*** Collected material Section Begins ***
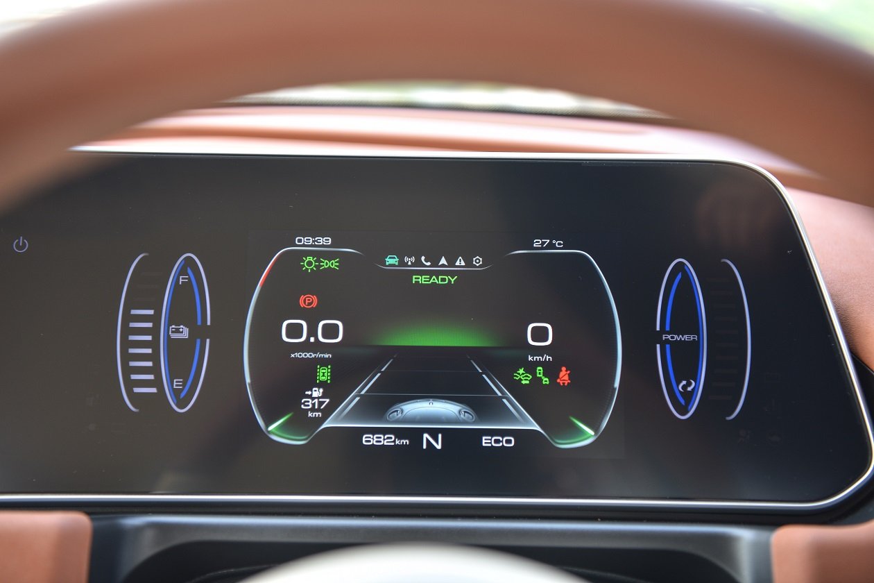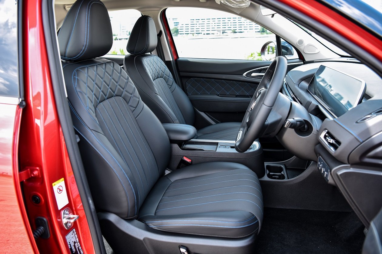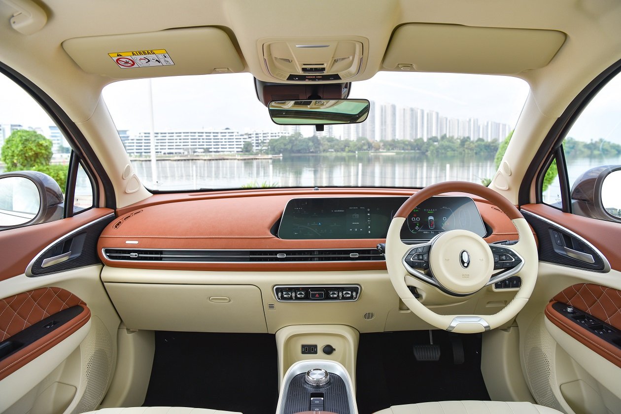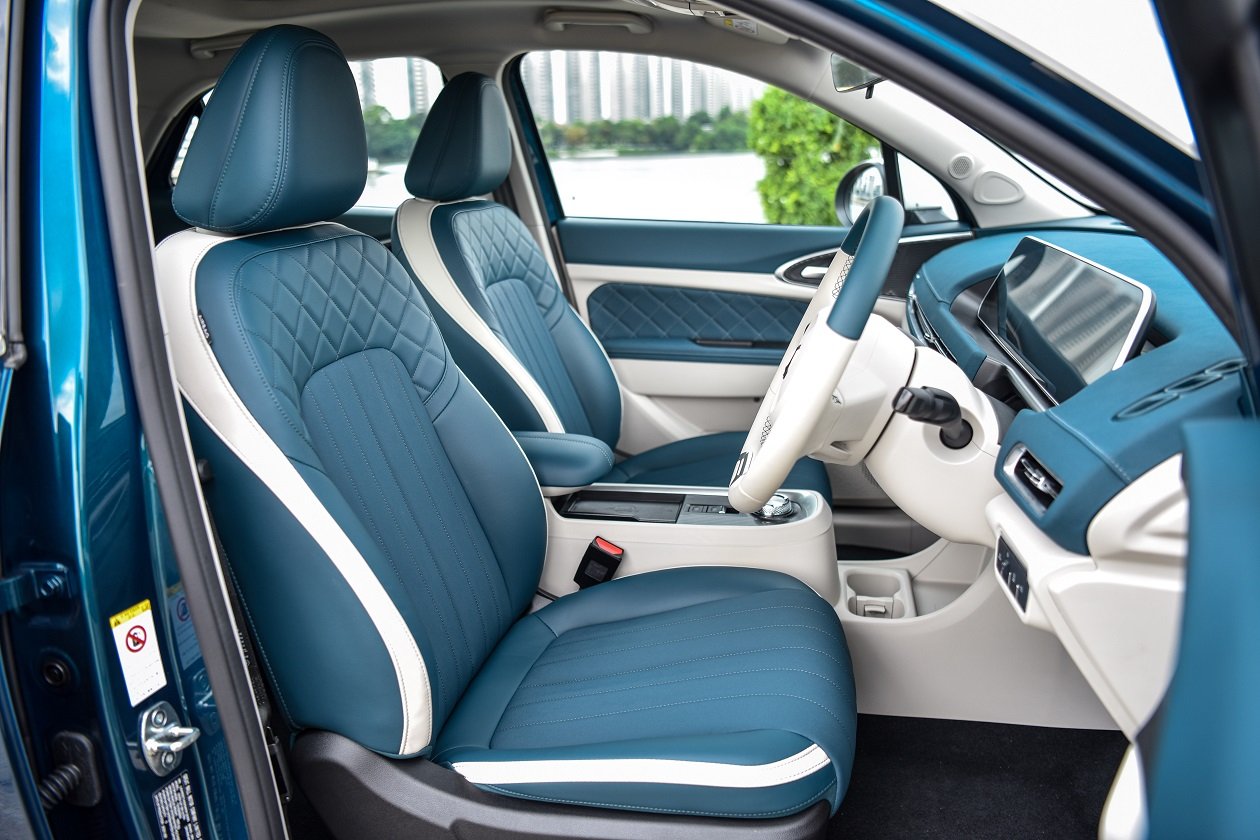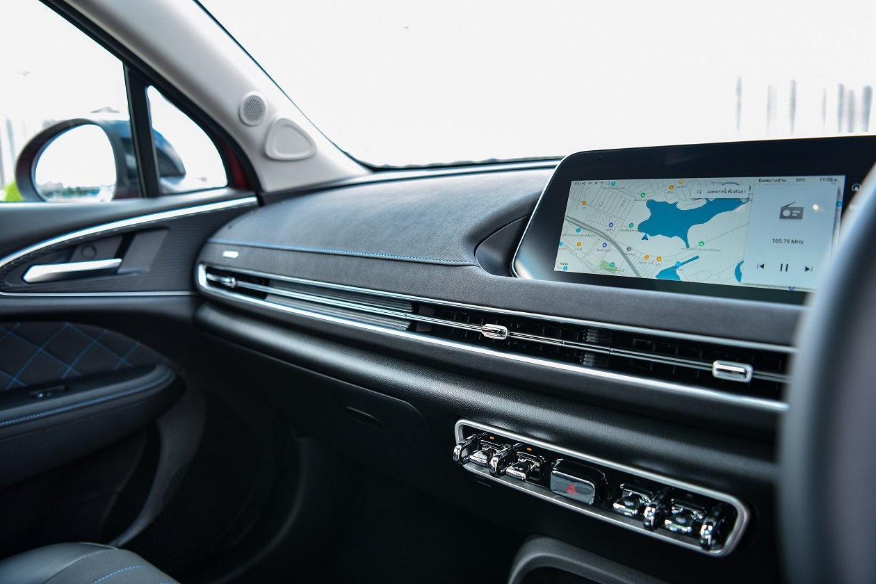ภายในห้องโดยสารห้อง Good Cat มีขนาดที่ใหญ่พอตัว ส่วนเนื่องเกิดมาจากการจัดวางตำแหน่งความยาวของฐานล้อนั่นเอง การดีไซน์ภายในเน้นความเรียบง่าย แต่แอบแฝงลูกเล่นไฮเทคกับชุดจอเรือนไมล์แบบ TFT ขนาดใหญ่ สามารถปรับเปลี่ยนรูปแบบได้ 2 แบบ ฟังก์ชั่นการทำงานต่างๆ ครบถ้วน มองเห็นชัดเจน และข้างๆ กันก็เป็นจอ Touch Screen สำหรับระบบการสั่งงานอื่นๆ อาทิ เครื่องเสียง, ระบบนำทาง, ระบบปรับอากาศ, การดูปริมาณของแบตเตอรี่ และการปรับตั้งค่าการทำงานต่างๆ ของตัวรถผ่านจากหน้าจอนี้ แถมยังเชื่อมต่อ Apple Car Play และ Android Auto ได้ตามยุคสมัย และยังสั่งงานด้วยเสียงได้ค่อนข้างแม่นยำ แม้อาจมีเอ๋อๆ บ้างในบางครั้ง ส่วนปุ่มการทำงานแอบมีการนำรูปแบบของรถที่คุณมองก็รู้ว่ายี่ห้ออะไรมาใช้ แต่ก็เข้ากับสไตล์การออกแบบภายใน
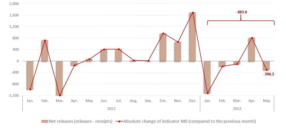 In May 2023, money supply M01 (currency in circulation) amounted to MDL 33,523.0 million, decreasing by MDL 883.0 million (-2.6%) compared to December 2022 (Chart 1) due to decreasing volume of cumulative releases over the volume of cumulative receipts per banking system2 by MDL 882.9 million in January – May 2023.
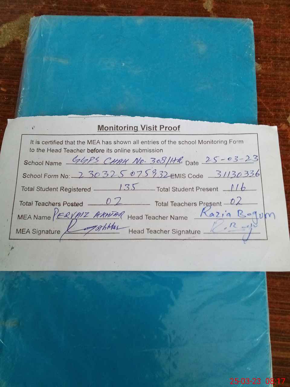 | Attendance Register | Head Teacher | MEA with School | Visit Proof |
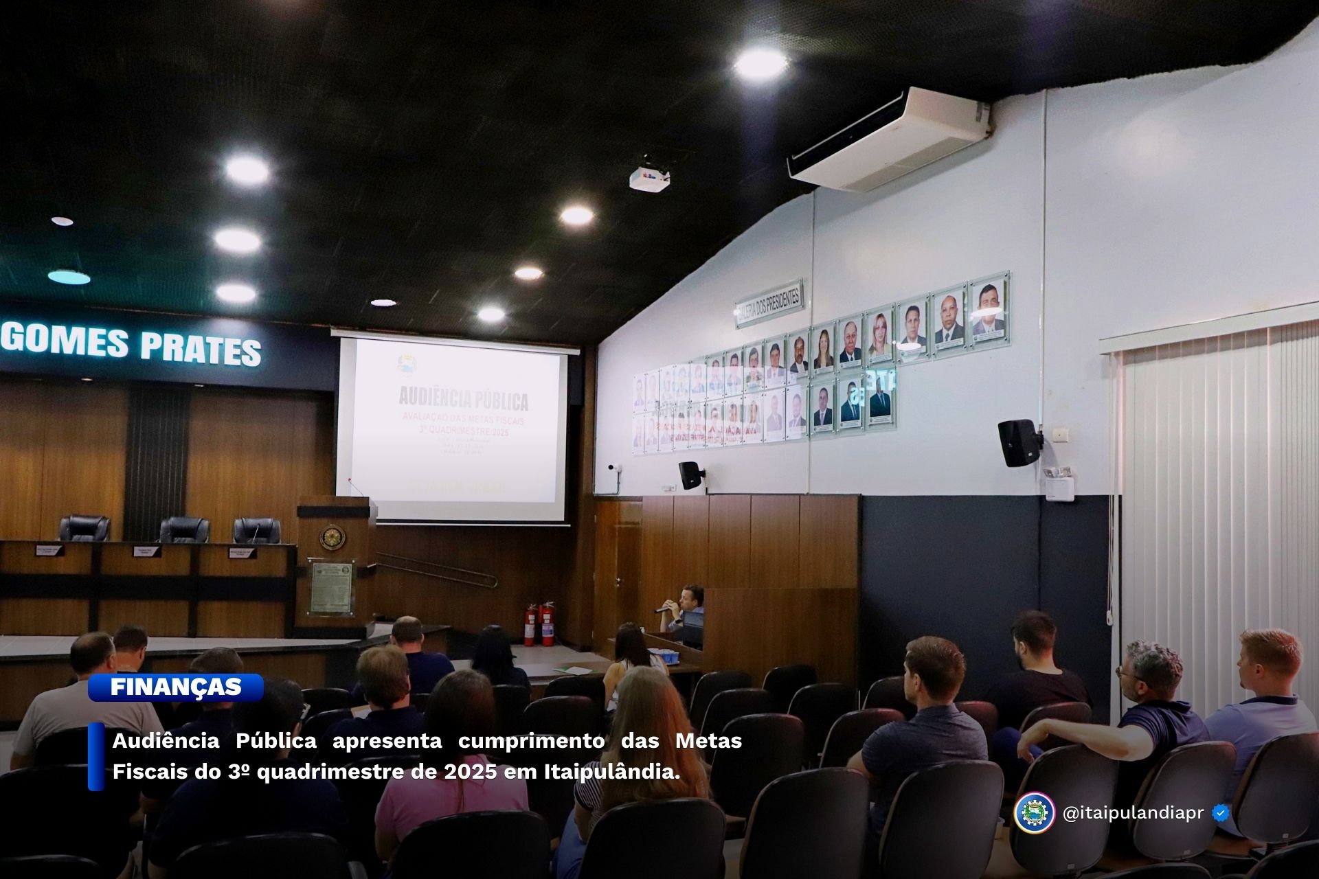 A Administração Municipal de Itaipulândia realizou, na manhã desta quinta-feira, 13 de fevereiro, às 10h, na Câmara Municipal, a Audiência Pública destinada à demonstração e avaliação do cumprimento das Metas Fiscais referentes ao 3º quadrimestre de 2025. A ação atende ao que determina a Lei de Responsabilidade Fiscal (Lei Complementar nº 101), reforçando o compromisso da gestão com a transparência e a responsabilidade na aplicação dos recursos públicos.
*** Collected material Section Ends ***
▶ [Work task] Reproduce the data above word for word and omit the images.

▶ [Solved exercise]
ภายในห้องโดยสารห้อง Good Cat มีขนาดที่ใหญ่พอตัว ส่วนเนื่องเกิดมาจากการจัดวางตำแหน่งความยาวของฐานล้อนั่นเอง การดีไซน์ภายในเน้นความเรียบง่าย แต่แอบแฝงลูกเล่นไฮเทคกับชุดจอเรือนไมล์แบบ TFT ขนาดใหญ่ สามารถปรับเปลี่ยนรูปแบบได้ 2 แบบ ฟังก์ชั่นการทำงานต่างๆ ครบถ้วน มองเห็นชัดเจน และข้างๆ กันก็เป็นจอ Touch Screen สำหรับระบบการสั่งงานอื่นๆ อาทิ เครื่องเสียง, ระบบนำทาง, ระบบปรับอากาศ, การดูปริมาณของแบตเตอรี่ และการปรับตั้งค่าการทำงานต่างๆ ของตัวรถผ่านจากหน้าจอนี้ แถมยังเชื่อมต่อ Apple Car Play และ Android Auto ได้ตามยุคสมัย และยังสั่งงานด้วยเสียงได้ค่อนข้างแม่นยำ แม้อาจมีเอ๋อๆ บ้างในบางครั้ง ส่วนปุ่มการทำงานแอบมีการนำรูปแบบของรถที่คุณมองก็รู้ว่ายี่ห้ออะไรมาใช้ แต่ก็เข้ากับสไตล์การออกแบบภายใน
 In May 2023, money supply M01 (currency in circulation) amounted to MDL 33,523.0 million, decreasing by MDL 883.0 million (-2.6%) compared to December 2022 (Chart 1) due to decreasing volume of cumulative releases over the volume of cumulative receipts per banking system2 by MDL 882.9 million in January – May 2023.
 | Attendance Register | Head Teacher | MEA with School | Visit Proof |
 A Administração Municipal de Itaipulândia realizou, na manhã desta quinta-feira, 13 de fevereiro, às 10h, na Câmara Municipal, a Audiência Pública destinada à demonstração e avaliação do cumprimento das Metas Fiscais referentes ao 3º quadrimestre de 2025. A ação atende ao que determina a Lei de Responsabilidade Fiscal (Lei Complementar nº 101), reforçando o compromisso da gestão com a transparência e a responsabilidade na aplicação dos recursos públicos.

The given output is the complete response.